В первое время мне даже не верилось, что история подходит именно к тому финалу, который был мне заранее известен. Ведь так хорошо все складывалось. Трудности, с которыми мы столкнулись в восьмидесятых, были такими ерундовыми, что стране, имевшей великую историю, было вполне по силам с ними справиться. Да, я видел пустые полки магазинов, однако поражался не им, а тому, насколько это было не так страшно, как спустя десять лет нам начнут вливать по телевизору. Даже Горбачев мне казался совсем не таким, каким он почему-то запомнился в моей прежней жизни. Он виделся совершенно искренним борцом за то же светлое будущее, за которое билось общество. Но все это оказалось обманом.

И я обманулся второй раз в жизни. Но если первый обман был по юношескому неведению, то второй стал следствием слепой веры… Ну так устроен человек: он видит в вещах то, что желает видеть, и легко на этом попадается…

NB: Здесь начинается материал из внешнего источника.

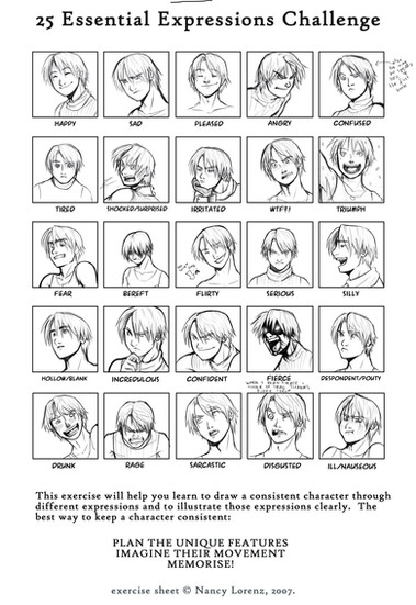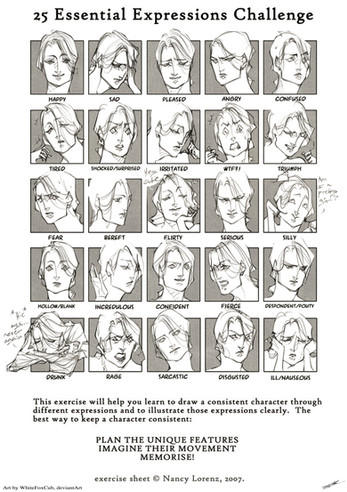 Another try on the expressions challenge with a different character and style of drawing. The character this time is Lommo. Original sheet to be found hereHe usually identifies as male but is pretty genderqueer, he likes to put on some make up every other day and feels good whether he passes as male or female or something between, doesn't really matter. He isn't exactly a human, for example he has some stripes around his body and face but I decided to leave them off so the expressions are clearer.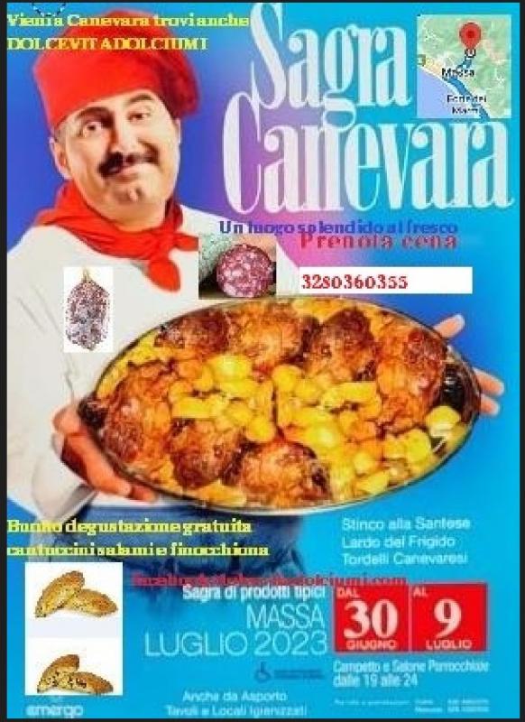 A Canevara, frazione del Comune di Massa in provincia di Massa-Carrara si svolge nei giorni dal 20 Giugno al 9 Luglio 2023 la Sagra di Canevara.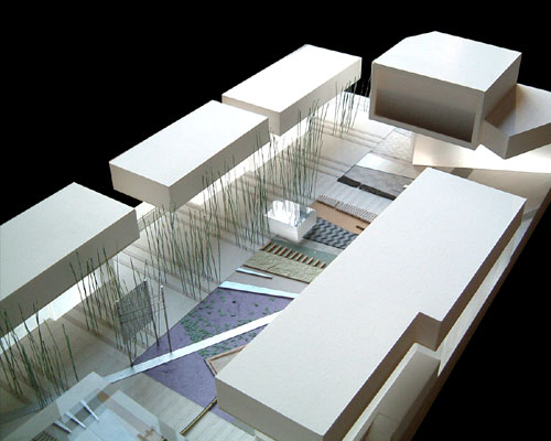 Shanghai University Hub: a set of pedestrian plazas designed as a "graphic carpet" of recovered urban materials. This project was featured at MoMA's Groundswell exhibition.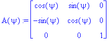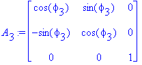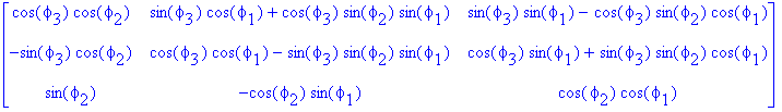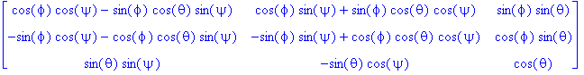 Переход от неподвижного базиса к базису, связанному с телом, осуществляется матрицей А2,1 = A(φ)·A(θ)·А(ψ): е2 = А2,1·е1. Выполняя последовательное умножение указанных матриц, найдём матрицу А2,1
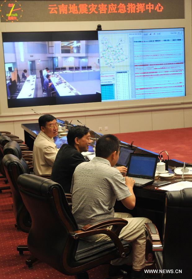 Staff members work at the Commanding Center for Earthquake Disaster Emergency of Yunnan in Kunming, capital of southwest China's Yunnan Province, on the early morning of May 24, 2014. A 5.6-magnitude earthquake jolted Yingjiang County at 4:49 a.m. Saturday (Beijing Time), according to the China Earthquake Networks Center. Five people have been injured as of 6:20 a.m. Investigations and disaster relief near the epicenter have been carried out. (Xinhua/Lin Yiguang)

В восемьдесят восьмом мне неожиданно встретился человек, очень сильно похожий на инженера-путешественника во времени, который в пятидесятых на собрании нашей шахты предлагал закрыть ее. Я попытался с ним поговорить. Но с тех времен я, конечно, сильно изменился, и он не узнал меня. Хотя, как мне показалось, он просто сделал вид, что не узнал. Ошибиться я не мог, слишком узнаваемо он дернул головой. Незнакомец сказал, что не понимает меня и уклонился от разговора.

Меня эта встреча погрузила в нелегкие раздумья. Если с нами поработала неведомая машина времени, то как-то странно она поработала. Вы помните, я рассказывал, что еще во власовских казармах мне померещилось, будто в своих новых «сослуживцах» я узнал своих современников, будто, если не они сами, то свинские сущности наиболее гадких из них были заброшены туда из будущего. А после этого на моем пути попадается неведомый инженер. Словно эта машина забрасывала, забрасывала и забрасывала всякую гадость в наше прошлое, словно она преднамеренно разрушала его. Но это, конечно, все досужие фантазии, я не верю в теорию заговора, однако…

Теперь вы можете легко представить себе мое потрясение, когда однажды я вновь увидел власовский флаг. История, сделав огромную петлю, будто снова вернула меня во власовские казармы. Я ведь совершенно отвык от триколора. Я уже прочно считал своим флагом красный. И, более того, как я уже говорил, мне ошибочно думалось, что история нашего государства, свернув на неведомую светлую параллель, больше никогда к нему не вернется. И, вот, я снова обнаружил вокруг себя людей из ушедшего в историю своего грязного военного прошлого. Я вновь оказался среди власовцев.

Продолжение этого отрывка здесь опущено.